Мало трех суток для осмотра Праги, которая прекрасна и любопытна во многих отношениях. Лучшего путеводителя не мог я иметь. Ганка был неразлучно со мной во всё это время[82].
15 июля
В начале 11 часа утра отправились мы по железной дороге и благополучно прибыли в Дрезден в 5 часов пополудни. Эта поездка – лучшее доказательство, что мое здоровье поправилось и духом я ободрился. В прошлом году не мог я без ужаса думать о железной дороге и всюду разъезжал в допотопной карете, на удивление почтарям и лошадям, которые уже отвыкли возить проезжающих. Сторона от Праги по берегу Молдовы почти вплоть до Боденбаха довольно плоская и маложивописная. Но после природа оживляется, а Саксонская Швейцария разливает картины чудесной красоты, которыми любуешься на лету. Остановились мы в «Britisch Hotel». Писал Лизе Карамзиной.

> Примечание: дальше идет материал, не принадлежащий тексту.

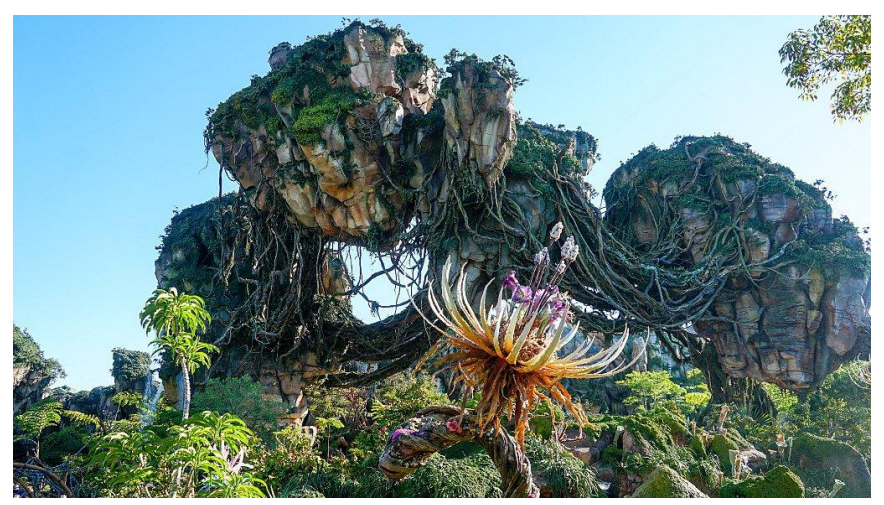
Figure 06: The World of Avatar at Disney's Animal Kingdom

Animal Kingdom is home to about 1700 animals belonging to various species. Some of these animals include hippopotamus, African elephants, crocodiles, lions, deer, giraffes, and rhinoceros.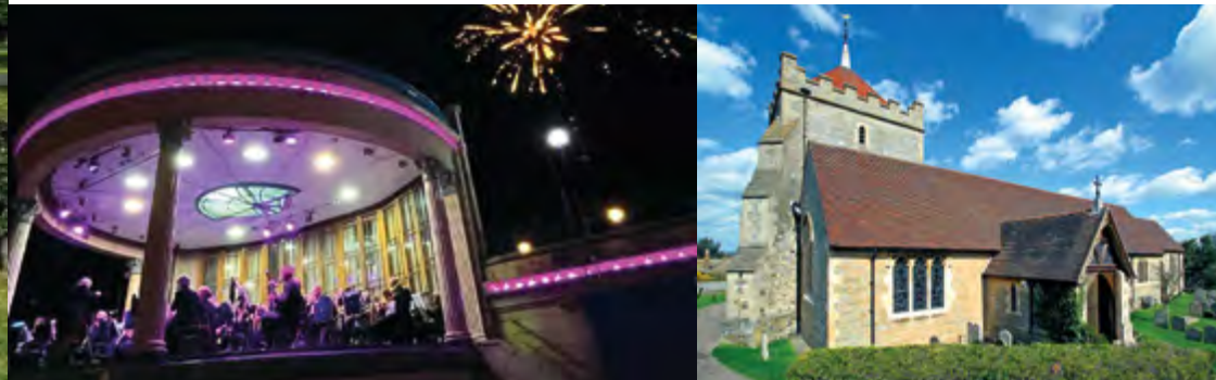
St Peter's Church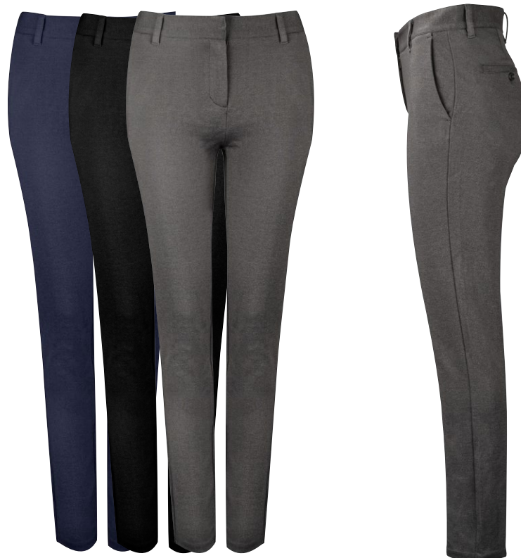
Dark navy 580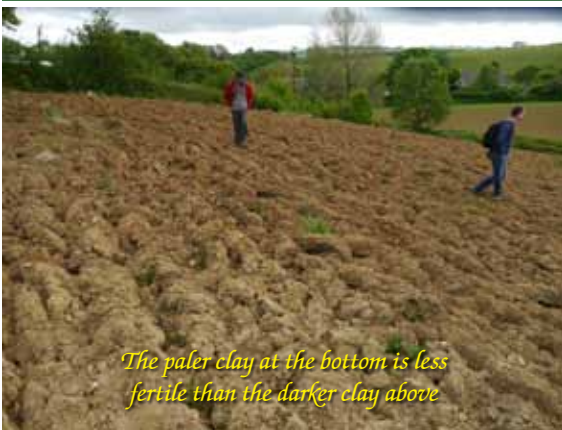
The paler clay at the bottom is less fertile than the darker clay above

At the second workshop planning this biodynamic farm (with the help of permaculture principles), we examined different ways of making farm produce available, such as box schemes or a food hub (where customers order online and the order is fulfilled by a number of farmers); and settled the plan of vegetables and fruit to be planted in different parts of the farm.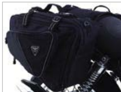
SPORTS PANNIER SET A9518013 Capacity - expandable 24 litres to 48 litres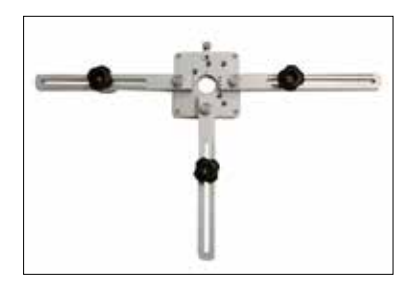
XY table including long arms

Centering bracket for laser transmitter during bore measurement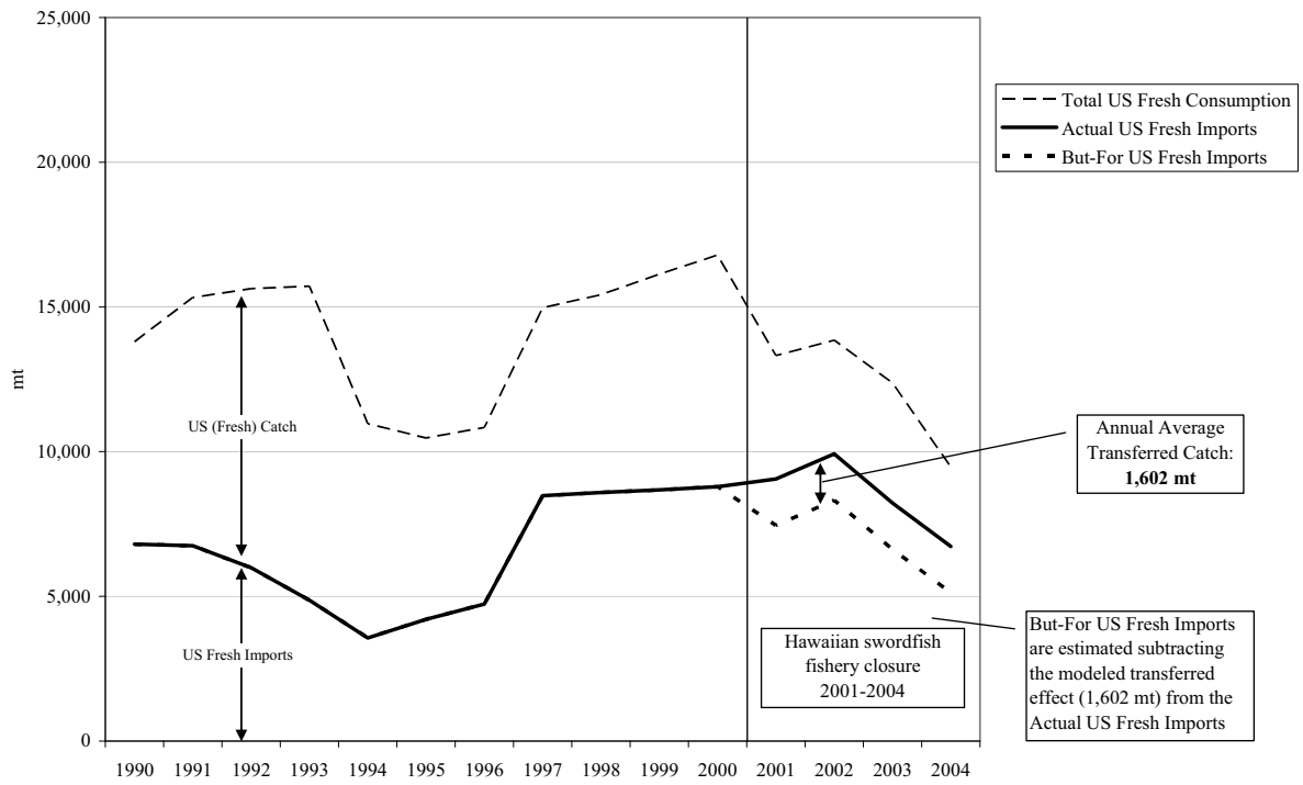
Figure 3: Estimated Transferred Swordfish Catch – Actual Demand Conditions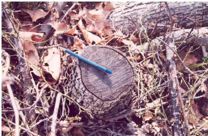
Figure1. A 45 year old stunted oak tree stump

Montgomery County's Serpentine Oaks appears to have remained forested since at least 1940 based on review of aerial photography and study of dendrology ring counts, indicating a varied ecological condition from the a classic Barrens. Once cleared, "Barrens" in part due to the lack of nutrients in the soil and the presence of minerals at levels toxic to plant growth, tend not to experience normal forest regeneration. Serpentinite soils typically stunt plant growth producing a somewhat miniaturized forest effect.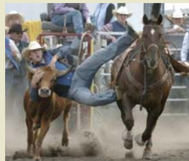
Cyclone Stampede Rodeo

А вот что я вписал и Ганке в его памятную книжку:
«Слово дано от Бога человеку на благо и с тем, чтобы люди друг друга разумели и вследствие того друг другу сочувствовали и помогали. Слово должно быть орудием мира и братского дружелюбия между народами и между правительствами. Горе тем, которые употребляют этот дар во зло и обращают его в орудие вражды, ненависти, зависти и междоусобий. Мы, славяне, дети слова, расторгнутые ошибкой, чтобы не сказать преступлением истории, – всё еще родные братья по крови, по слову. Этой живоначальной и неистребимой силе обязан я наслаждением, которое здесь встретил и с которым беседовал на родном языке с просвещенным и добродушным хозяином этой книги. С радостью и благодарностью вписываю в нее имя свое.
На добрую память P.W.»
21 июля
С Дрезденом уживаюсь я, как со старым приятелем. С удовольствием вижу снова знакомые лица и знакомые места. Почти каждый день, часу в восьмом утра, начинаю прогулкой в Grosse-Garten, который великолепно зелен и тенист. 20-го отправился я с Видертом во Фрайберг, за отысканием следов Ломоносова. Но и эта моя экспедиция, кажется, останется безуспешной. Ледяные горы немецкой флегмы загородили путь к желаемой цели, хотя и обещали мне порыться еще в старых бумагах покойного профессора Хенкеля, на которого указал мне Погодин.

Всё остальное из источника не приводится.